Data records
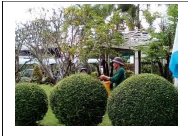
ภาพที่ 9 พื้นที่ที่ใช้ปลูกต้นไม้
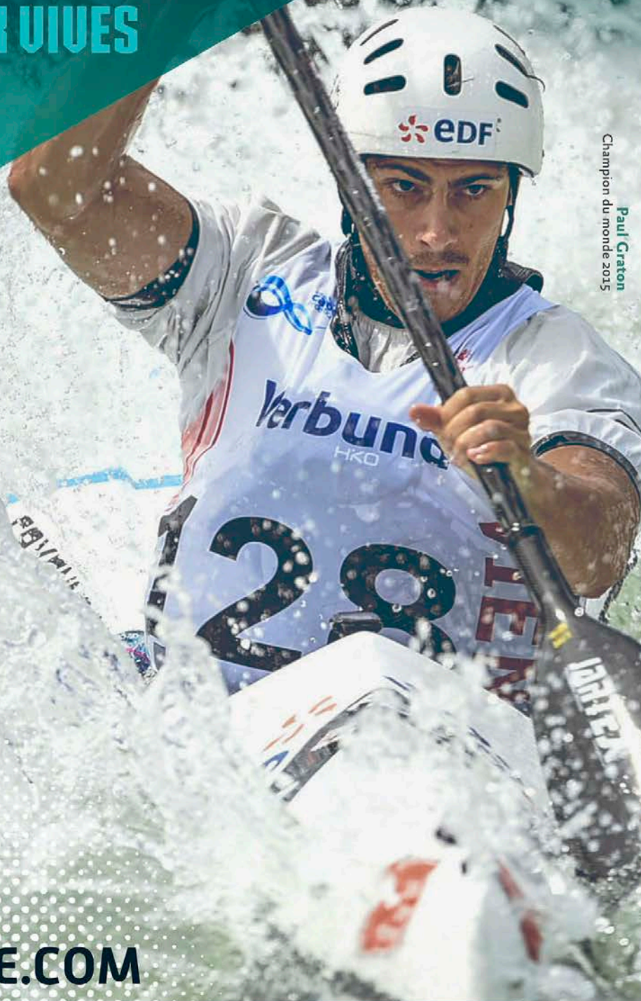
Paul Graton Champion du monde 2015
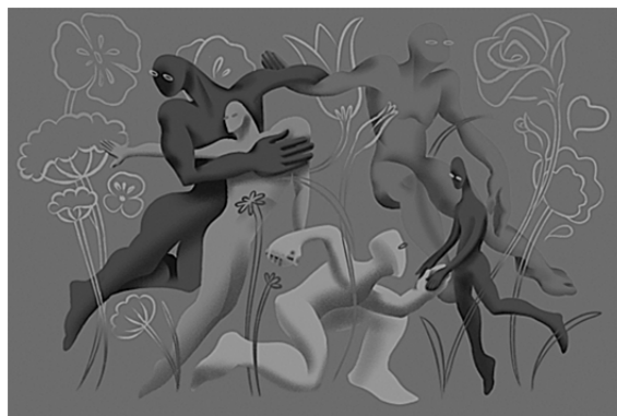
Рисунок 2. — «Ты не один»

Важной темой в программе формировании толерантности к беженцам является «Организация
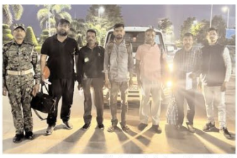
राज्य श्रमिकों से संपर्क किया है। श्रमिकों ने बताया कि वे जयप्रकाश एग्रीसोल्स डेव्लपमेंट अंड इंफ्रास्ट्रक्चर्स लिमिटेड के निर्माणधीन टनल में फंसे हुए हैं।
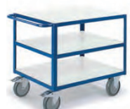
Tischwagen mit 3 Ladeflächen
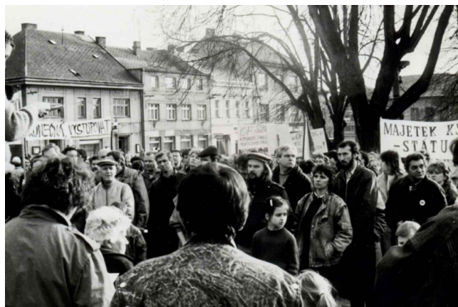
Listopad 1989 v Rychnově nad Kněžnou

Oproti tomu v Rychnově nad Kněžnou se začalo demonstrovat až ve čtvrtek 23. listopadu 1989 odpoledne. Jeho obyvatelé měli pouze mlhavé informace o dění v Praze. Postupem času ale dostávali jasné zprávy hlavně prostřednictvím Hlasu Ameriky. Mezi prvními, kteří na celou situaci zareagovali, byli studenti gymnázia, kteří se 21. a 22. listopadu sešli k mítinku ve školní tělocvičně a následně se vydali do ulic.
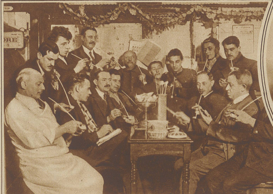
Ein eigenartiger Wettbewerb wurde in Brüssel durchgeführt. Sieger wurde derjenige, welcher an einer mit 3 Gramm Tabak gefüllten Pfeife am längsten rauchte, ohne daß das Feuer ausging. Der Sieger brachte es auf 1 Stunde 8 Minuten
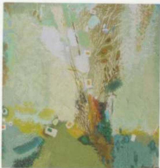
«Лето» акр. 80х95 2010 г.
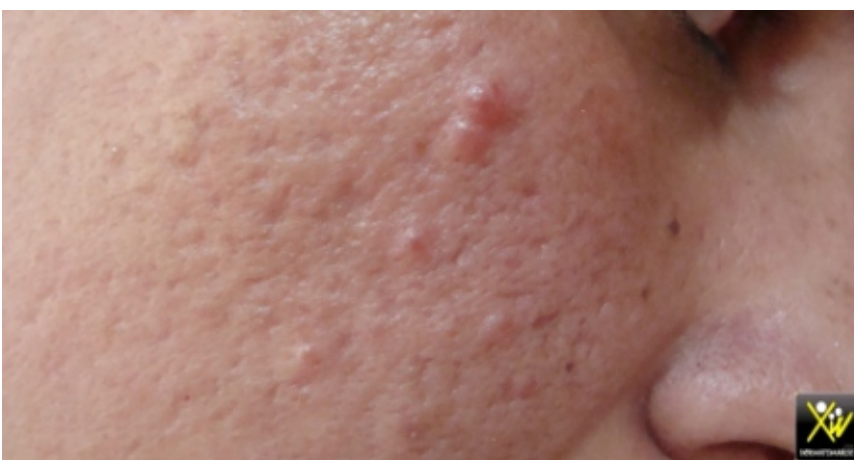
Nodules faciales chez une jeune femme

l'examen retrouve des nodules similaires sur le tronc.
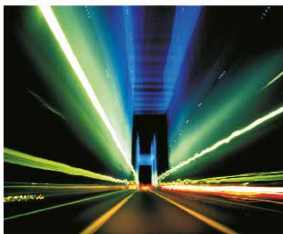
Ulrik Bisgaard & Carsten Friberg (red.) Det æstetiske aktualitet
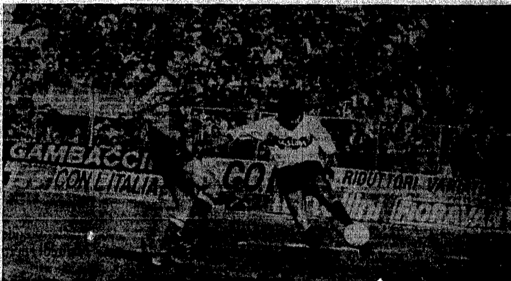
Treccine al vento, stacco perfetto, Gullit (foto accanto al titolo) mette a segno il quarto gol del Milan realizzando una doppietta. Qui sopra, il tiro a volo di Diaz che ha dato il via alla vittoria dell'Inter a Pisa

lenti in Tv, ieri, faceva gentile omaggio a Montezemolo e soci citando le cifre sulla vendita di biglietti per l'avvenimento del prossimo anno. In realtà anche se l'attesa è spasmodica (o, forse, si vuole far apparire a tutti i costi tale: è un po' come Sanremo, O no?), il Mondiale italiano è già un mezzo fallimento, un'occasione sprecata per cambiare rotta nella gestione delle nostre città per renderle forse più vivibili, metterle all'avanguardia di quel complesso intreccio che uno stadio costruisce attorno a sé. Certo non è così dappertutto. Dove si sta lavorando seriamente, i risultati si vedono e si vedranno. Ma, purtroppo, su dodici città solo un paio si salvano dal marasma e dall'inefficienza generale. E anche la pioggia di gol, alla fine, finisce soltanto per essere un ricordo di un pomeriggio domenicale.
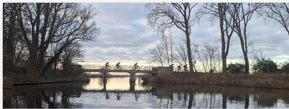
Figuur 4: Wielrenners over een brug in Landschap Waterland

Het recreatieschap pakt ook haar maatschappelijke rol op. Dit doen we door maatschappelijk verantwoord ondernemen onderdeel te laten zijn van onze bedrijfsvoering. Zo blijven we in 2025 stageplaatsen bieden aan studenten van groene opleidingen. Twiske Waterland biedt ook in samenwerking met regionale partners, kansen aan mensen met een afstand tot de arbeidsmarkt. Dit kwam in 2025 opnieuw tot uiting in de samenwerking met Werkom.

▸ Task: Exactly restate the lines from the beginning of the data through the line with "Figuur 4: Wielrenners", and no others, keeping pictures out.

▸ Result of this exercise:
ภาพที่ 9 พื้นที่ที่ใช้ปลูกต้นไม้
Paul Graton Champion du monde 2015
Рисунок 2. — «Ты не один»

Важной темой в программе формировании толерантности к беженцам является «Организация
राज्य श्रमिकों से संपर्क किया है। श्रमिकों ने बताया कि वे जयप्रकाश एग्रीसोल्स डेव्लपमेंट अंड इंफ्रास्ट्रक्चर्स लिमिटेड के निर्माणधीन टनल में फंसे हुए हैं।
Tischwagen mit 3 Ladeflächen
Listopad 1989 v Rychnově nad Kněžnou

Oproti tomu v Rychnově nad Kněžnou se začalo demonstrovat až ve čtvrtek 23. listopadu 1989 odpoledne. Jeho obyvatelé měli pouze mlhavé informace o dění v Praze. Postupem času ale dostávali jasné zprávy hlavně prostřednictvím Hlasu Ameriky. Mezi prvními, kteří na celou situaci zareagovali, byli studenti gymnázia, kteří se 21. a 22. listopadu sešli k mítinku ve školní tělocvičně a následně se vydali do ulic.
Ein eigenartiger Wettbewerb wurde in Brüssel durchgeführt. Sieger wurde derjenige, welcher an einer mit 3 Gramm Tabak gefüllten Pfeife am längsten rauchte, ohne daß das Feuer ausging. Der Sieger brachte es auf 1 Stunde 8 Minuten
«Лето» акр. 80х95 2010 г.
Nodules faciales chez une jeune femme

l'examen retrouve des nodules similaires sur le tronc.
Ulrik Bisgaard & Carsten Friberg (red.) Det æstetiske aktualitet
Treccine al vento, stacco perfetto, Gullit (foto accanto al titolo) mette a segno il quarto gol del Milan realizzando una doppietta. Qui sopra, il tiro a volo di Diaz che ha dato il via alla vittoria dell'Inter a Pisa

lenti in Tv, ieri, faceva gentile omaggio a Montezemolo e soci citando le cifre sulla vendita di biglietti per l'avvenimento del prossimo anno. In realtà anche se l'attesa è spasmodica (o, forse, si vuole far apparire a tutti i costi tale: è un po' come Sanremo, O no?), il Mondiale italiano è già un mezzo fallimento, un'occasione sprecata per cambiare rotta nella gestione delle nostre città per renderle forse più vivibili, metterle all'avanguardia di quel complesso intreccio che uno stadio costruisce attorno a sé. Certo non è così dappertutto. Dove si sta lavorando seriamente, i risultati si vedono e si vedranno. Ma, purtroppo, su dodici città solo un paio si salvano dal marasma e dall'inefficienza generale. E anche la pioggia di gol, alla fine, finisce soltanto per essere un ricordo di un pomeriggio domenicale.
Figuur 4: Wielrenners over een brug in Landschap Waterland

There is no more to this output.